Mais avec ces cent cinquante mille hommes, Napoléon, suivant son habitude, prit l’offensive dans le but de séparer les Anglais des Prussiens, pour les battre séparément : le 15 juin il entra en Belgique, passa la Sambre à Charleroi, et le lendemain enfonça les Prussiens commandés par Blücher dans cette bataille acharnée qui porte le nom de bataille de Ligny.

Le même jour, Ney se heurtait aux Anglais, aux Quatre-Bras, et leur livrait une bataille indécise.

Le surlendemain, 18 juin, jour de deuil, date funèbre s’il en fût, s’engageait la bataille de Waterloo !


Jean Cardignac avait à peine eu le temps de passer quelques heures avec sa femme et ses enfants. Remis par l’Empereur en possession de son commandement, celui du 1er régiment de grenadiers à pied, il avait employé ses jours et ses nuits à le réorganiser et à le pourvoir de tout ce qui était nécessaire pour entrer en campagne.

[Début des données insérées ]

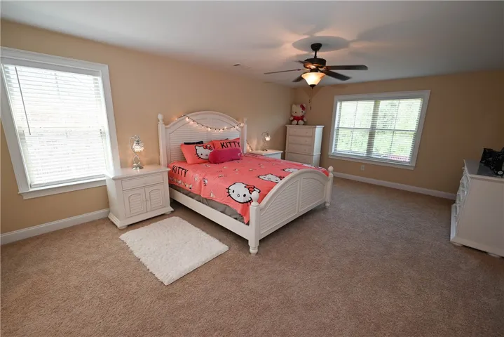 Do you need more room? Great space inside & out offering lots of options for the house & yard! Full brick/stone exterior for easy maintenance. Immaculately maintained. Open concept floorplan with kitchen open to living room & breakfast area. Kitchen boasts a large center island, under cabinet lighting, kitchen desk & walk in pantry. Large breakfast area with 4 windows overlooks the private, fenced back yard. Living includes hardwood floors, recessed lighting, gas fireplace. Convenient half bath tucked away in the hall. Generous sized primary bedroom features 4 windows & recessed lighting. Primary bath features a tiled shower, jetted tub, double sink vanity & HUGE walk in closet! Secondary primary suite on the second level complete with a tiled shower, soaking tub, private water closet, linen closet and extended vanity. Pristine additional bedrooms upstairs are like new. Massive back yard is flat & fully fenced! Energy (MONEY) saving features include spray foam insulation & tankless hot water heater. Not 1, but 2 pools!

Quand l’heure fut venue de quitter la rue de la Huchette, Jean Cardignac prit ses deux enfants sur ses genoux ; Henri et Jean allaient avoir huit ans.

— Vous êtes maintenant en âge de me comprendre, mes chéris, dit-il ; tout au moins pouvez-vous retenir mes paroles pour les méditer plus tard. Écoutez-moi donc : si je ne reviens pas de cette grande guerre, la dernière sans doute, soyez plus tard mes vengeurs, soyez soldats tous deux. C’est mon vœu le plus cher, c’est ma volonté !

Et toi, ma chère Lise, tu respecteras cette volonté en leur faisant apprendre l’histoire de nos grandes guerres, en leur enseignant la loyauté, en formant leurs caractères, tu en feras des hommes dignes de porter l’épée. Sois courageuse, ma bien-aimée, comme tu l’as été pendant notre vie si tourmentée, rappelez-vous mon dernier mot : il est celui que j’ai reçu moi-même de la bouche du général Bernadieu mourant : « Vivez dans l’honneur. »

Les deux enfants l’avaient écouté songeurs et braves, leurs beaux yeux fixés sur les siens ; et après une dernière étreinte à Lisette, étreinte dans laquelle il mit toute son âme, Jean était parti sans tourner la tête, tout entier désormais au suprême devoir.